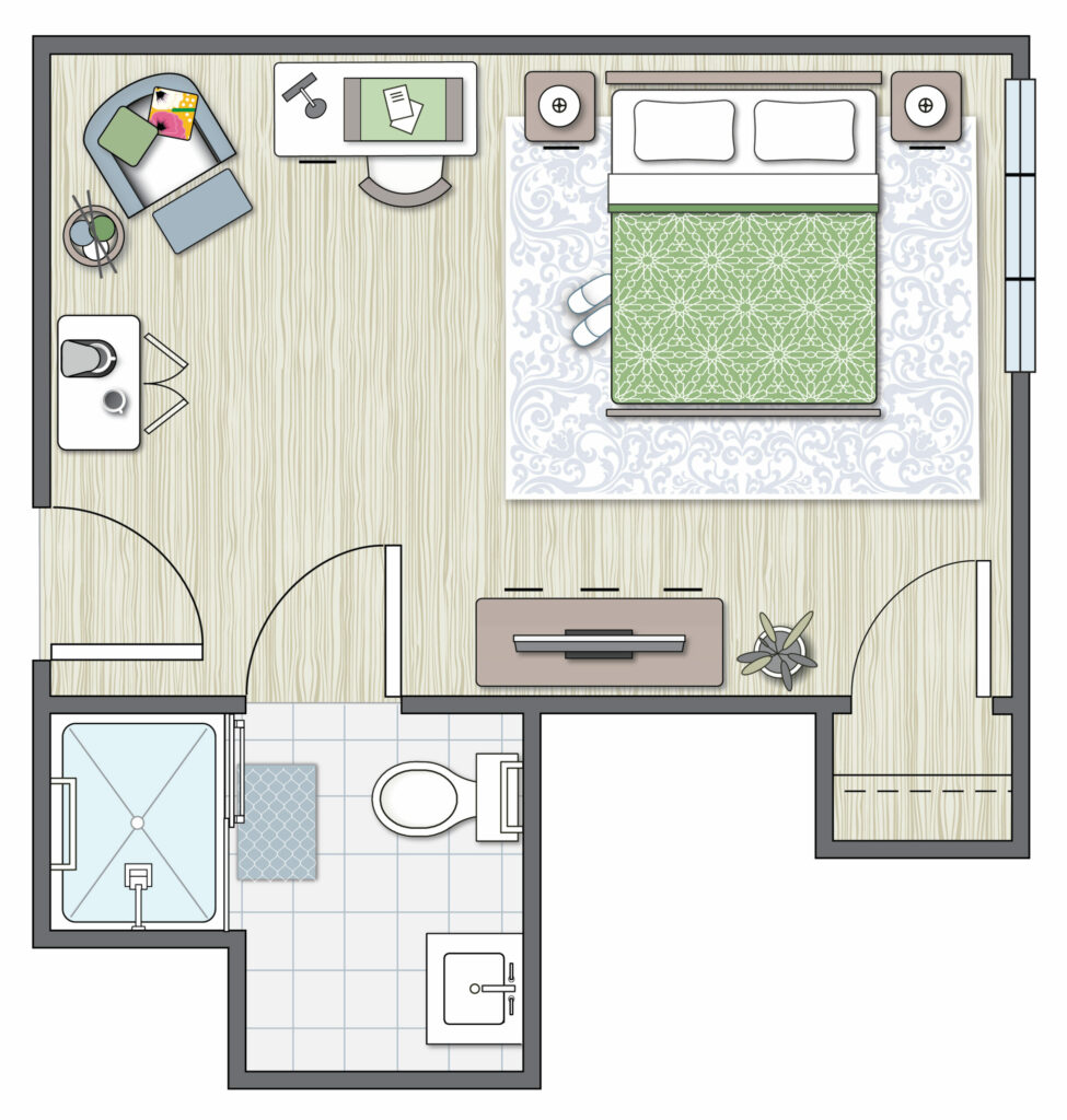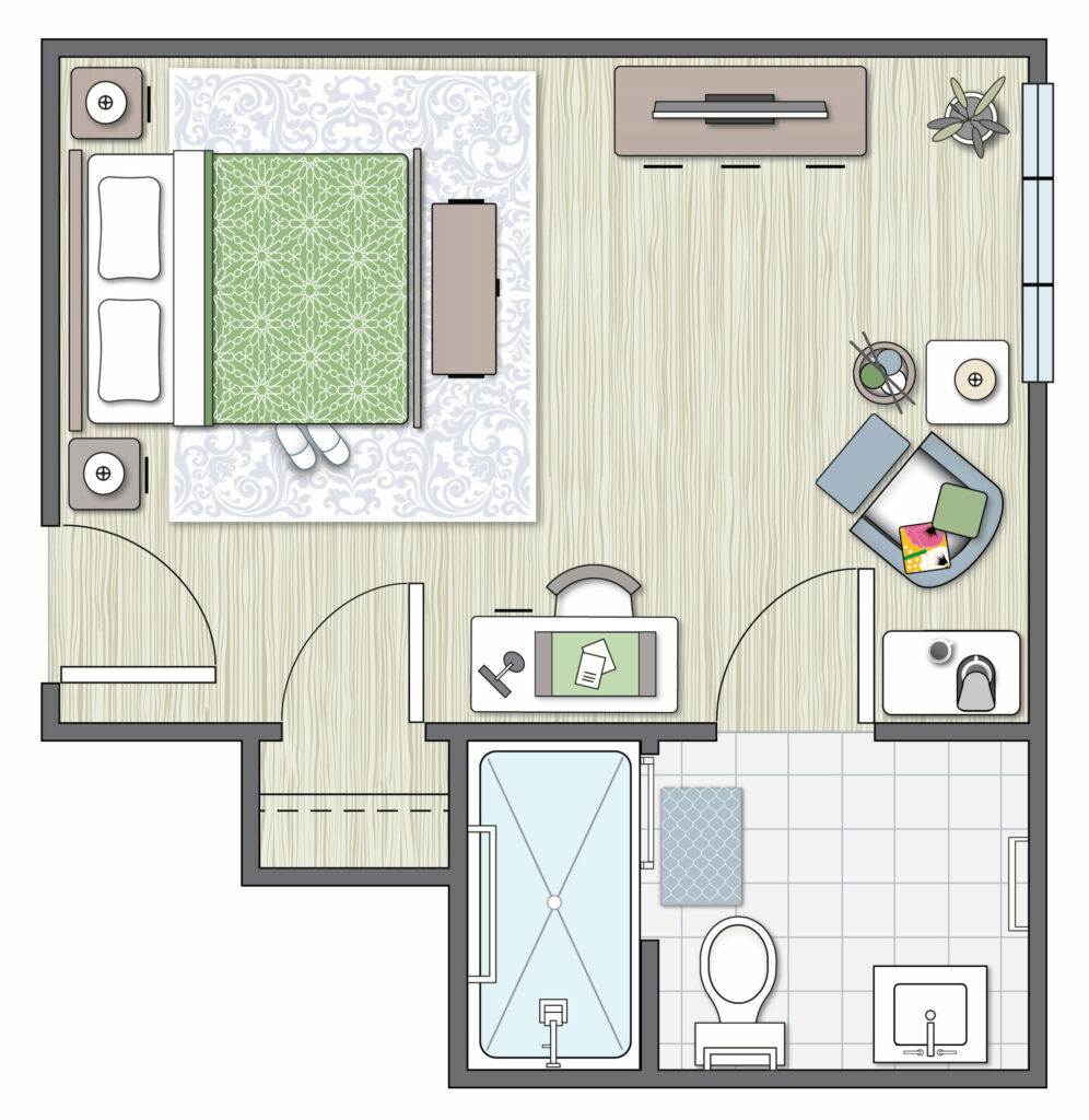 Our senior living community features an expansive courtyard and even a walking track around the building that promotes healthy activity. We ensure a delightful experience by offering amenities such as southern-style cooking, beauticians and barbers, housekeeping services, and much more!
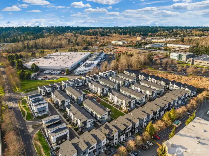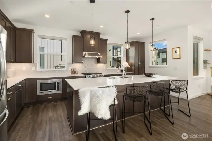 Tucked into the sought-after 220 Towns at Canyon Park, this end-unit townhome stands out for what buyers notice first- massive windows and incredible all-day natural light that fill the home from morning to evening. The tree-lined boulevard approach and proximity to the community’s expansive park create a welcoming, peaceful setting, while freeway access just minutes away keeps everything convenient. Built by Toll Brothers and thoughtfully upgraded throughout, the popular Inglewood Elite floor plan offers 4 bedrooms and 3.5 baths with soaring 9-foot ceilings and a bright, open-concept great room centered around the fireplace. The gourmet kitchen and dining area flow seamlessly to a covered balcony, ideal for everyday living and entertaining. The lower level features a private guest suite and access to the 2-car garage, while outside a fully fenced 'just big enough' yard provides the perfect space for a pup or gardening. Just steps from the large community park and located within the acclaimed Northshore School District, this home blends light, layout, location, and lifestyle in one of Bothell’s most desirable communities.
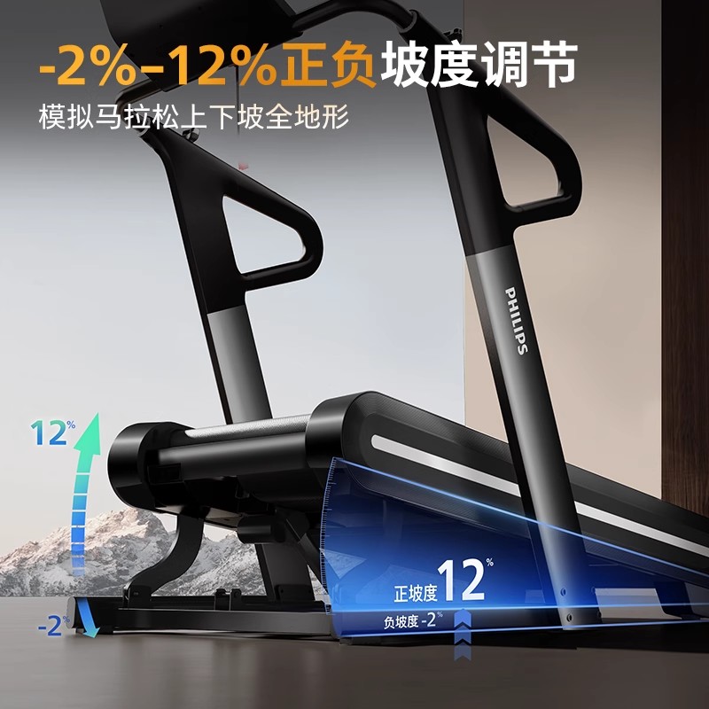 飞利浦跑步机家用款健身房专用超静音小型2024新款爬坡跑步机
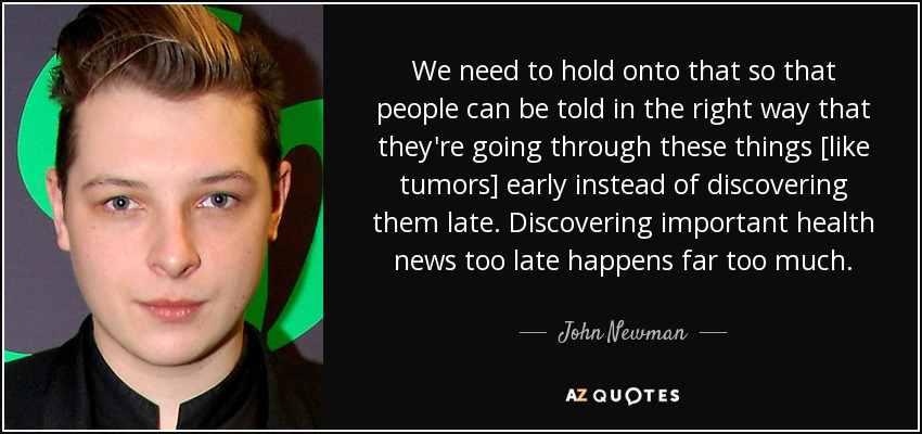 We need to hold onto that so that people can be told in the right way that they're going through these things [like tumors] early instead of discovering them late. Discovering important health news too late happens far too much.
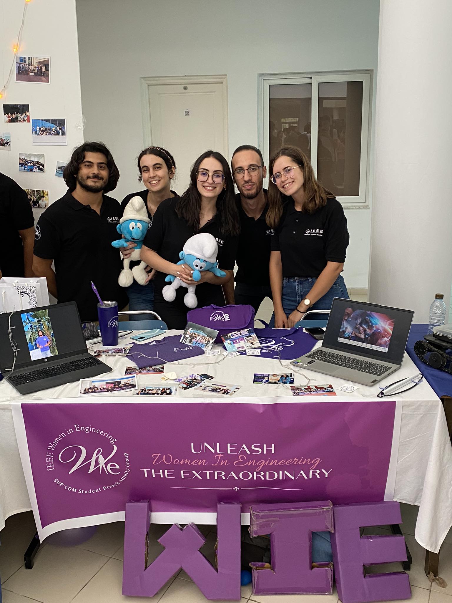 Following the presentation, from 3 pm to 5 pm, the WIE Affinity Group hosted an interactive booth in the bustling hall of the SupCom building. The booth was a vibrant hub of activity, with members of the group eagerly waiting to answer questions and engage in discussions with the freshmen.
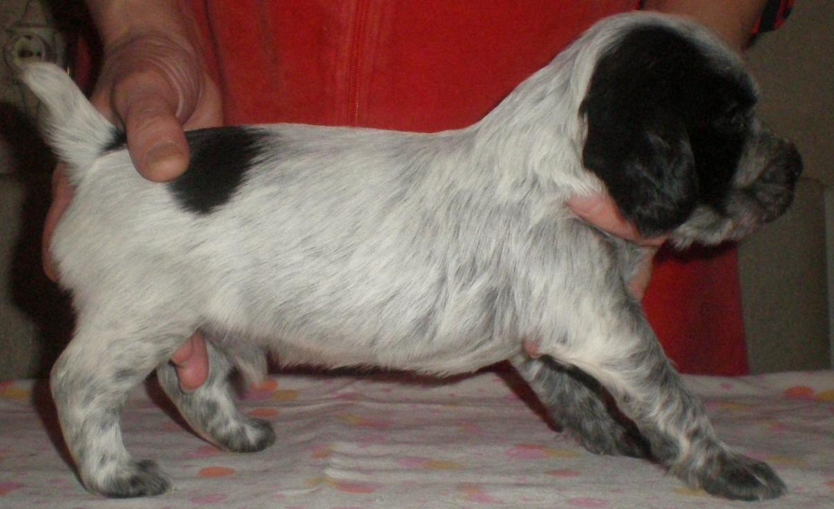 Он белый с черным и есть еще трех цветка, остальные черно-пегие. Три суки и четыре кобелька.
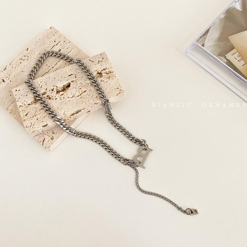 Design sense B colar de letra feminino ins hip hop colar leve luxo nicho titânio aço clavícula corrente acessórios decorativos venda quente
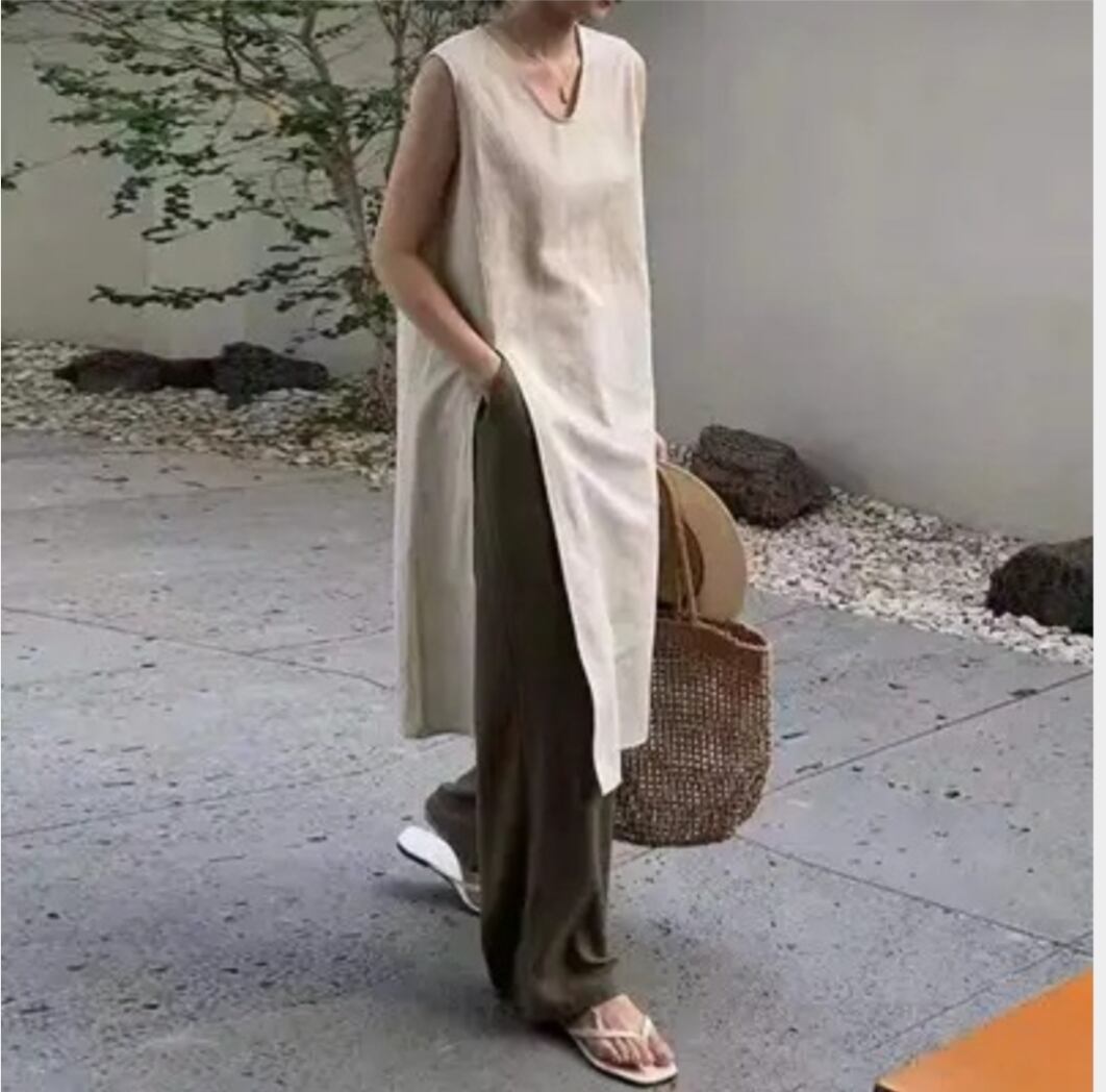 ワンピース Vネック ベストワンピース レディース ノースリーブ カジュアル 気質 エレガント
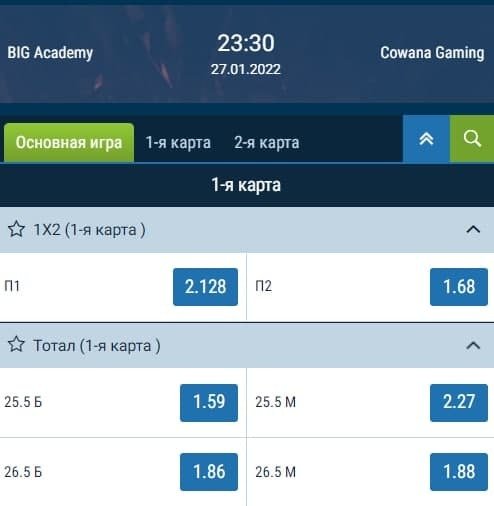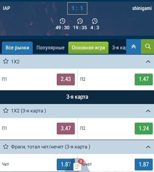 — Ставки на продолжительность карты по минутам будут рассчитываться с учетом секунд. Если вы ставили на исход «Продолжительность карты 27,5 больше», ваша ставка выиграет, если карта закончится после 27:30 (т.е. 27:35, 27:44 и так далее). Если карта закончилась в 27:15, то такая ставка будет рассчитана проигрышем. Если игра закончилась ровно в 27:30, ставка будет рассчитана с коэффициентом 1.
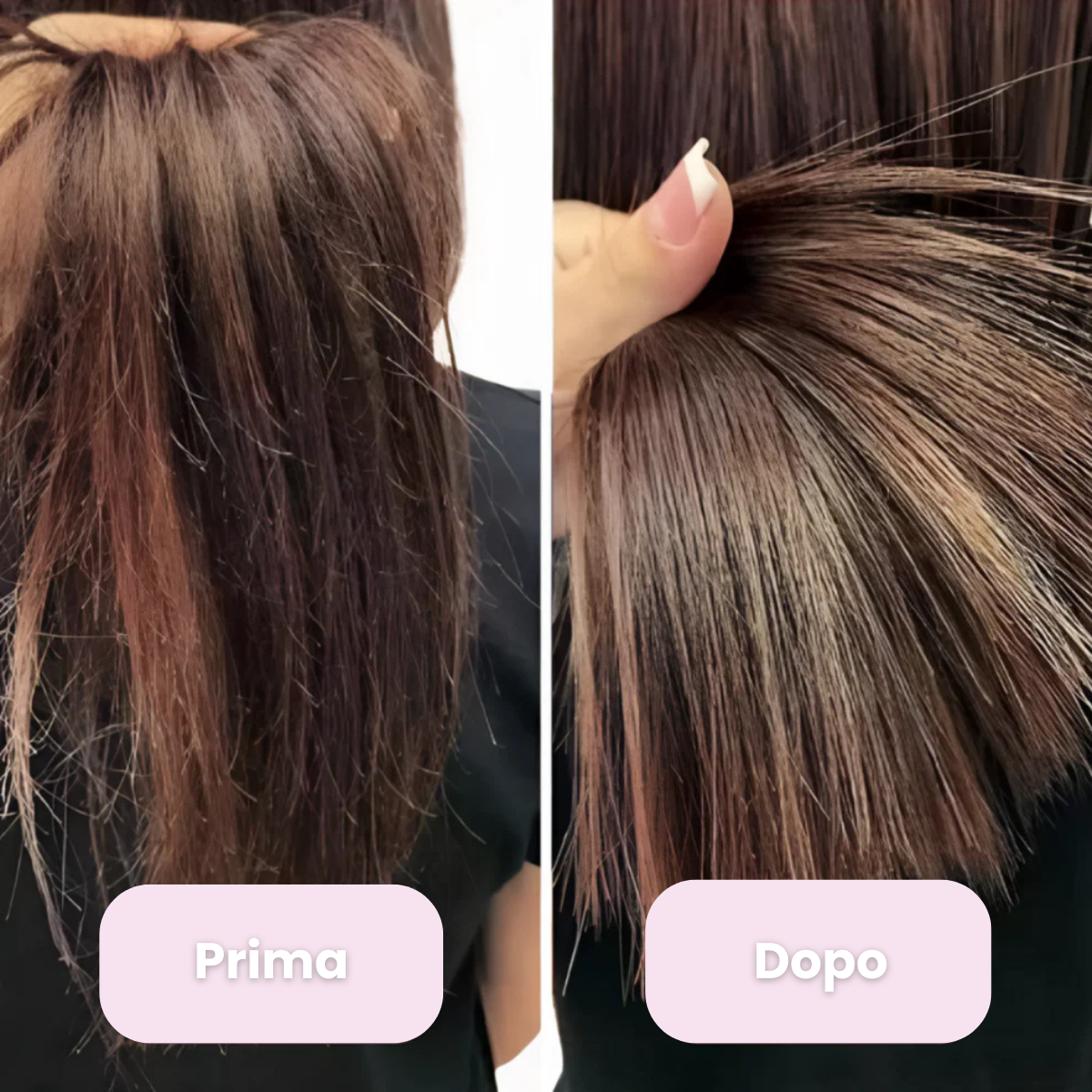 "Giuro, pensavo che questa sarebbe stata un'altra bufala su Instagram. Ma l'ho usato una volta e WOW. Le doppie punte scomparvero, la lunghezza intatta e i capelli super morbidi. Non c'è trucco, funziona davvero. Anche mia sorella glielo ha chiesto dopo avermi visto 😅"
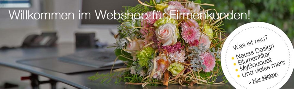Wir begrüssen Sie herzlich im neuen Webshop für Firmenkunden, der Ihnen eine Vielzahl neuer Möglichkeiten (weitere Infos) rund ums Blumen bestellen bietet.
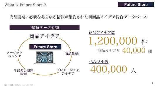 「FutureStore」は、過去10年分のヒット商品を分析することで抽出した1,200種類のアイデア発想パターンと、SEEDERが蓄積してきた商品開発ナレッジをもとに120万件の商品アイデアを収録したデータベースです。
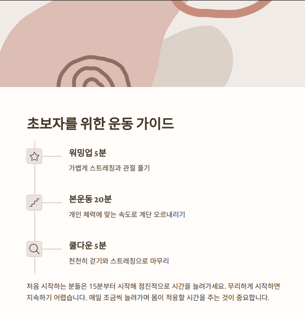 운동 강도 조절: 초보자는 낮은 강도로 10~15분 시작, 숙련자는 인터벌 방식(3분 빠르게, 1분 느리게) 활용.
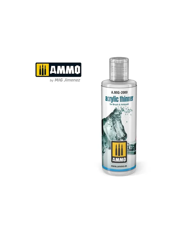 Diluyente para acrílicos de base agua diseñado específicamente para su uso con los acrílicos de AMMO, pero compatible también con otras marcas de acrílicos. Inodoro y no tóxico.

★ ★ ★ ★ ★

**EXERCISE:** Your answer should be the lines above, word for word, from the line with "ワンピース Vネック ベストワンピース" through the line with "운동 강도 조절: 초보자는", minus the pictures.

**RESULT FOR THIS EXERCISE:**
 ワンピース Vネック ベストワンピース レディース ノースリーブ カジュアル 気質 エレガント
 — Ставки на продолжительность карты по минутам будут рассчитываться с учетом секунд. Если вы ставили на исход «Продолжительность карты 27,5 больше», ваша ставка выиграет, если карта закончится после 27:30 (т.е. 27:35, 27:44 и так далее). Если карта закончилась в 27:15, то такая ставка будет рассчитана проигрышем. Если игра закончилась ровно в 27:30, ставка будет рассчитана с коэффициентом 1.
 "Giuro, pensavo che questa sarebbe stata un'altra bufala su Instagram. Ma l'ho usato una volta e WOW. Le doppie punte scomparvero, la lunghezza intatta e i capelli super morbidi. Non c'è trucco, funziona davvero. Anche mia sorella glielo ha chiesto dopo avermi visto 😅"
Wir begrüssen Sie herzlich im neuen Webshop für Firmenkunden, der Ihnen eine Vielzahl neuer Möglichkeiten (weitere Infos) rund ums Blumen bestellen bietet.
 「FutureStore」は、過去10年分のヒット商品を分析することで抽出した1,200種類のアイデア発想パターンと、SEEDERが蓄積してきた商品開発ナレッジをもとに120万件の商品アイデアを収録したデータベースです。
 운동 강도 조절: 초보자는 낮은 강도로 10~15분 시작, 숙련자는 인터벌 방식(3분 빠르게, 1분 느리게) 활용.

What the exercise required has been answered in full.